Les retours que certains établissements, nous adressent, au sujet de la participation de leurs élèves au Prix des Découvreurs, font toujours bien plaisir à recevoir. Surtout ils nous confortent dans l’idée que plus que la désignation d’un ou d’une lauréate, importe d’avoir, à partir de nos propositions, su entraîner des jeunes à s’emparer des outils du langage comme de ceux de l’image et de la musique, bref de divers champs de la création, pour les autoriser à mettre à leur tour en forme, leur toute neuve ce qui ne veut pas dire vide ou insignifiante, expérience de la vie.
Je ne peux citer tous les messages récemment reçus. Ni publier ici l’ensemble des travaux qui m’ont été montrés comme les caviardages par exemple réalisés par ces collégiens de troisième de l’Académie de Rennes qui m’ont bien impressionné. De toute cette production, je me contenterai de donner un seul exemple, emprunté aux élèves d’un lycée que je connais bien pour y être à plusieurs reprises intervenu. Avec toujours le même bonheur.
Les élèves de secondes de Fanny Cambron-Huvelle (lycée Arthur Rimbaud de Sin le Noble) ont cherché à se rapprocher de leur propre vie à partir de quelques voies ouvertes par la lecture de certains textes de Milène Tournier, tirés de L’Autre jour, publié l’an passé chez Lurlure. On y voit notamment comment ces textes d’un jeune auteur contemporain autorisent mieux que tout autre qui serait issu d’un passé plus lointain à dire avec les mots d’aujourd’hui ce qui reste vécu dans le monde présent. On y sent comme la poésie d’aujourd’hui, dans cette perspective, peut agir comme une sorte de réactivation de cette parole sensible et créative que certains voulaient croire déjà, chez nos jeunes, perdue. Le poète et philosophe Jean-Claude Pinson dans les divers ouvrages qui ont suivi Habiter en poète, a largement théorisé la notion de « poétariat » dans laquelle il voit la force seule capable de faire un jour échec au règne de l’Homo œconomicus qui précipite actuellement le monde vers sa perte. Que chacun devienne, à travers l’éducation qu’il reçoit et la manière dont il cherche alors à s’instituer en Sujet de sa propre vie, l’artiste de son existence.
« Si l’on veut bien être attentif à ce que Deleuze appelait « le devenir révolutionnaire des gens », on verra » écrit Jean-Claude Pinson, dans un fort article qu’on pourra lire en accès libre ici, « que ce devenir artiste est aujourd’hui, aussi virtuel et minoritaire qu’il soit encore, un devenir général.
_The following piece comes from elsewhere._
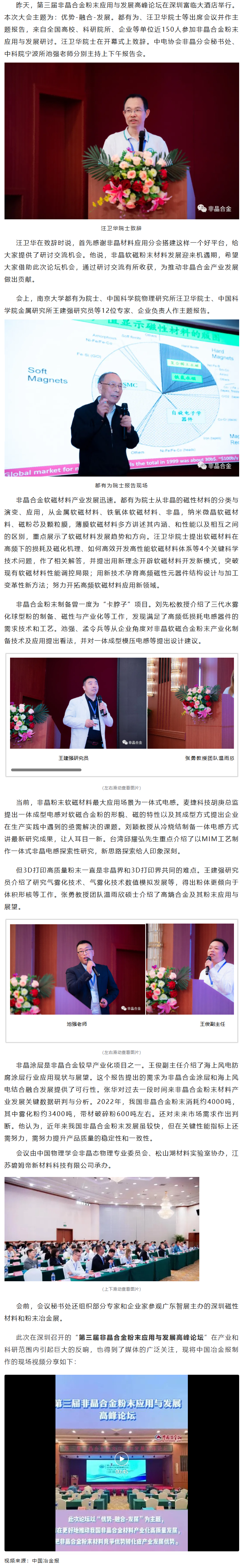 第三届非晶合金粉末应用与发展高峰论坛在深圳召开

C’est la force des mœurs des temps démocratiques que de placer chacun devant le dilemme de se faire « le poète de sa propre existence » ou bien de n’être qu’un mort-vivant parmi d’autres. Et quand il s’agit d’exister comme individu, chacun est enclin à exercer sa « raison artistique », à se conduire (sinon se considérer) comme un artiste (et d’abord de sa propre vie). Chacun du moins s’efforce de se ménager un atelier (ou chambre à soi, ou cabane) où il pourra « perruquer », exercer cette « créativité dispersée, tactique et bricoleuse » dont parle Michel de Certeau (tel aujourd’hui s’essaiera à la sculpture ; tel autre bricolera sa house music ; tel autre mettra en page son blog…). »
Car il ne s’agit plus de déplorer, comme on le fait, à longueur de temps, le peu d’intérêt que, sur le plan de la réception, suscitent en général les œuvres de l’esprit. Ce qui compte est de voir qu’au plan de la production, le désir de création va se généralisant.
C’est, en ce qui nous concerne, notre fierté, que de proposer depuis plus d’un quart de siècle, à tous ceux qui nous font confiance, des voies, à chaque fois singulières, pour accompagner ce désir, en le rendant plus conscient. Peut-être aussi plus puissant.